UK's Jeremy Corbyn says language in Labour Party's Kashmir resolution can be 'misinterpreted as hostile to India'
Jeremy Corbyn has said that some of the language in a controversial Kashmir resolution passed by his party have the scope of being 'misinterpreted as hostile to India'.
Jeremy Corbyn has said that some of the language in a controversial Kashmir resolution passed by his party have the scope of being 'misinterpreted as hostile to India'
The UK Opposition Leader was responding to a letter by the Labour Friends of India (LFIN) group, among a number of party members to raise concerns over the resolution passed at the Labour Party annual conference
The Labour leader goes on to stress that the party remains committed to ensuring that the rights of all citizens of Kashmir are 'respected and upheld'
London: Britain's Opposition Labour Party leader Jeremy Corbyn has said that some of the language in a controversial Kashmir resolution passed by his party have the scope of being "misinterpreted as hostile to India" even as he stood by the emergency motion against the abrogation of Jammu and Kashmir's special status.
The UK Opposition Leader was responding to a letter by the Labour Friends of India (LFIN) group, among a number of party members to raise concerns over the resolution passed at the Labour Party annual conference last month that called for international intervention in Kashmir in the wake of the Indian government's revocation of Article 370.
“The emergency motion on Kashmir came through as part of the democratic process of the Labour Party Conference.
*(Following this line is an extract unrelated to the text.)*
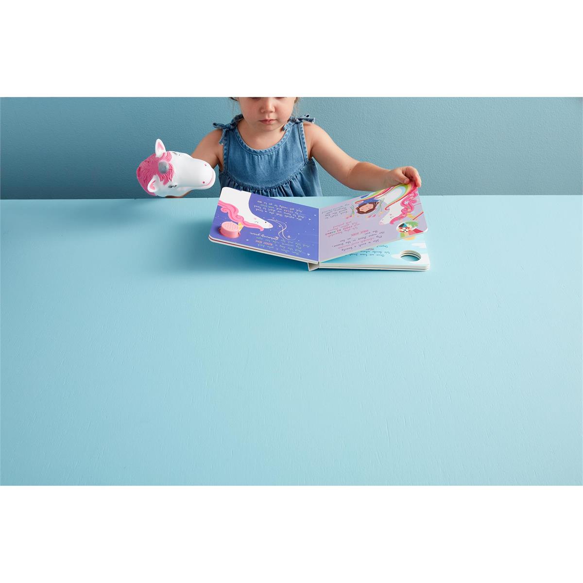 Discover the enchanting world of unicorns with My Best Friend Is A Unicorn Book! This board book for kids features a dimensional soft rubber hand puppet and a "magical" sound button on the front cover. Spark your child's imagination and bring the story to life in a magical way!

However, there is a recognition that some of the language used within it could be misinterpreted as hostile to India and the Indian diaspora,” Corbyn said in his reply to LFIN on Thursday.
“Labour understands the concerns the Indian community in Britain has about the situation in Kashmir and takes these concerns very seriously,” said Corbyn, who has been under pressure from Indian diaspora groups in Britain since the Labour Party passed the resolution.
The Labour leader goes on to stress that the party remains committed to ensuring that the rights of all citizens of Kashmir are "respected and upheld".
“This remains our priority and I agree that we should not allow the politics of the sub-continent to divide communities in Britain,” he notes, adding that he is keen to build on the “historically good relationship” with India and the Indian diaspora.
Corbyn sparked a war of words in India between the BJP and the Congress on Thursday after he claimed that human rights situation in Kashmir was discussed during a meeting with the Indian Overseas Congress (IOC) UK representatives earlier this week.
The BJP lashed out at the Congress over its "shameful shenanigans" and demanded an explanation following which the latter hit out at the ruling party in a tweet accusing it of spreading lies instead of addressing questions on the economic slowdown in the country.
Congress' senior spokesperson Anand Sharma, who is the Chairman of the party's Foreign Affairs department, later told reporters it "disowned" any claim made at the meeting in its entirety.
The party said the delegation which met or for that matter any committee or chapter of the Indian Overseas Congress has neither a mandate nor any authorisation to speak on behalf of the Congress party on any matter which pertains to policy or India's domestic issues.
India has categorically told the international community that its move on Kashmir was an internal matter. India maintains Kashmir is a bilateral issue and no third party has any role in it.
LFIN, co-chaired by London's Deputy Mayor for business Rajesh Agrawal and Darren Jones MP, responded to Corbyn with plans to set up a meeting with the party leader as offered in the letter.
“Glad to see that the Labour Party recognise that the language in the Kashmir motion was unhelpful,” it said.
LFIN was among the groups that felt the brunt of the resolution's aftermath as the Indian mission in London cancelled participation in a proposed annual reception and even the Ministry of External Affairs (MEA) issued a harsh rebuke over the “uninformed and unfounded” motion.
Other Indian-origin Labour Party MPs have also voiced their concerns over the issue.
In its letter to the party leader last week, the LFIN had raised concerns about the procedure for the selection of the motion, the quality of the evidence that backed it up, the lack of a balanced debate on the subject, and its ultimate selection and adoption.
The latest development comes as the IOC UK chapter issued its own Twitter reaction to try and distance itself from Corbyn's message about their meeting.
The statement titled as IOC UK and Jeremy Corbyn meeting facts, notes: “We made it clear referring to Rahul Gandhi's previous statement: Jammu and Kashmir is integral part of India; we don't accept any external involvement in India's internal matter. Opposed and condemned the recent Labour Party resolution on Kashmir.”
The Labour Party resolution tabled at its annual party conference in Brighton and passed on 26 September called on Corbyn to meet the high commissioners of both India and Pakistan to ensure there is "mediation" and restoration of peace and normality to prevent a potential nuclear conflict.